Мертвое молчание последовало за ее пылкой речью, и я смотрел с благоговением на Лючио, когда он повернулся и встал против нее. Меня поразило совершенно неземное выражение его лица; его прекрасные брови были сдвинуты в мрачную угрожающую линию, его глаза буквально горели презрением, а между тем, он смеялся тихим смехом, звучащим сатирически.
— Не должен, не смею! — повторил он презрительно. — Женские слова, женский вздор! Крик оскорбленной самки, которой не удается прельстить избранного самца. Такая любовь, как ваша! Что она такое? Унижение для того, кто примет ее; стыд для того, кто доверится ей! Вы хвалитесь своей красотой; ваше зеркало показывает вам приятный образ, но ваше зеркало лжет так же хорошо, как и вы. Вы видите в нем не отражение себя, иначе вы бы в ужасе отпрянули назад… Вы просто смотрите на вашу телесную оболочку, как на платье из парчи, — тленную, преходящую и только годную, чтоб смешаться с пылью, откуда она произошла. Ваша красота! Я ничего из нее не вижу, я вижу вас. И для меня вы безобразны и останетесь безобразной навсегда. Я ненавижу вас! Ненавижу вас со всей горечью неизмеримой ненависти, так как вы сделали мне зло, нанесли мне оскорбление! Вы прибавили еще новую тяжесть к бремени наказания, которое я несу!
Сибилла придвинулась к нему с распростертыми объятиями, но величественным жестом он отстранил ее.
— Отойдите! — воскликнул он, — устрашитесь меня, как неизведанного ужаса. О, немилосердные небеса! — Одна только ночь прошла с той минуты, как меня придвинули на ступень ближе к потерянному блаженству, и вновь врата рая закрываются передо мной! О, бесконечная пытка! О, грешные души мужчин и женщин, неужели в вас не осталось ни единой искорки от Бога? Неужели благодаря вам, моя скорбь будет вечна?

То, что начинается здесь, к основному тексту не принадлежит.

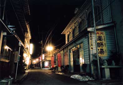 | まずはその名前からしてよい。 温泉津と書いて「ゆのつ」と読む。「湯の津」──つまりは温泉のある港(津)という名である。中国山脈を背にした谷筋にひっそりと息づく、小さくて鄙びた湯治場である。 山陰地方を旅していると、どこに行っても温泉に出くわす。正確に調べたことはないが、二〇キロ四方に一カ所くらいはあるんじゃないかというくらい、そこかしこに点在している。 有名どころは鳥取県米子市の皆生温泉とか、島根県松江市の玉造温泉とか。前者は日本海に面し、後者は宍道湖を望む。名所旧跡、土産物、イベントなどにも事欠かず、観光バスもよく出入りして、それなりに繁盛している。 じゃあ温泉津は? と訊かれたら、そんなものは見たためしがない、と胸を張って答えたい。そもそも観光バスなんか通れるんだろうかと、逆に心配になったりする。 地元の人でもあまり行かない、隠れた秘湯の里なのである。 こじんまりとした木造旅館が建ち並ぶ目抜き通りを、浴衣姿でカラコロと、下駄を鳴らして歩いてみる。 山あいの谷筋を走る狭い街道である。ようよう車が行き過ぎる四百メートル足らずのこの路地が、温泉津のメインストリートだ。 軒行灯の灯りがともり、「あんま」と書かれた古びた看板が風に揺れる。 軒を連ねるのは、明治から大正、昭和初期にかけて建てられた木造二階、三階建ての古びた旅館ばかり。その合間に、これまた古くて小さな土産物屋が点在している。 西に向かってしばらく歩くと、小さな港に出る。外海から深く入り込んだ、静かな入り江だ。小さな漁船が数隻停泊し、鳶が所在なく飛んでいる。 よく言えば穏やか、より正確には寂れた風情のこの入り江も、かつては山陰地方を代表する活気溢れる港だったと聞く。 日本でも有数の銀の採掘地であった石見銀山は、ここからほど近い。十六世紀半ば、石見銀山で採れた銀は「銀山街道」と呼ばれる山あいの筋道を通って温泉津に運ばれ、港から積み出されていった。 江戸時代に入ると、銀の輸送は尾道(広島県)を経由するルートに変わったものの、温泉津は銀山で消費される物資の水揚げ港として大いに賑わったという。江戸時代中期以降、銀山は徐々に衰退の兆しを見せ始めるものの、北前船の寄港地として、温泉津の繁栄は続いた。米や塩、海産物など、様々な荷を載せた百石、五百石の廻船がひっきりなしに出入りし、最盛期には二十軒以上の廻船問屋があったという。 傾いた陽が山の背に隠れると、小さな港はもう早い眠りについた。人っ子一人、仔猫一匹通らなくなった入り江に、下駄の音がうら寂しく響く。不意に出たくしゃみは、自分でもびっくりするくらい大きく、長く尾を引いた。

Лючио стоял лицом к окну, бледные лучи месяца освещали его мрачное лицо и бесконечную, безвыходную тоску его взора. Я слушал его со страхом и изумлением и не мог понять, что означали его странные слова. По выражению лица моей жены было видно, что она также не понимала их.
— Лючио, — прошептала она, — Лючио, в чем дело? Я ни за что на свете не хотела бы повредить вам. Я ищу лишь вашей любви, Лючио, и заплачу за нее такой нежной страстью, такими ласками, о которых вы и не мечтаете! Ради этого, и только ради этого, я вышла за Джеффри. Я выбрала его в мужья только потому, что он был вашим другом (о вероломная женщина!), я заметила сразу всю степень его гнусного эгоизма. Он гордился собой и своим богатством, и слепо доверял вам и мне. Я знала, что со временем мне можно будет последовать примеру женщин моего круга и завести себе любовника. Любовника! Тогда еще, до свадьбы я избрала его. Я избрала вас, Лючио, и хотя вы ненавидите меня, вы не можете помешать мне любить вас, любить вас до самой смерти!
Князь пристально посмотрел на леди Сибиллу, его взор стал еще мрачнее.
— А после смерти? — сказал он, — вы будете продолжать меня любить?
В его голосе было что-то вроде суровой насмешки, смутно испугавшей меня.
— После смерти? — пробормотала она, заикаясь.
— Да, после смерти, — повторил он угрюмо. — После — существует, ваша мать убедилась в этом.
Легкий крик вырвался из груди Сибиллы…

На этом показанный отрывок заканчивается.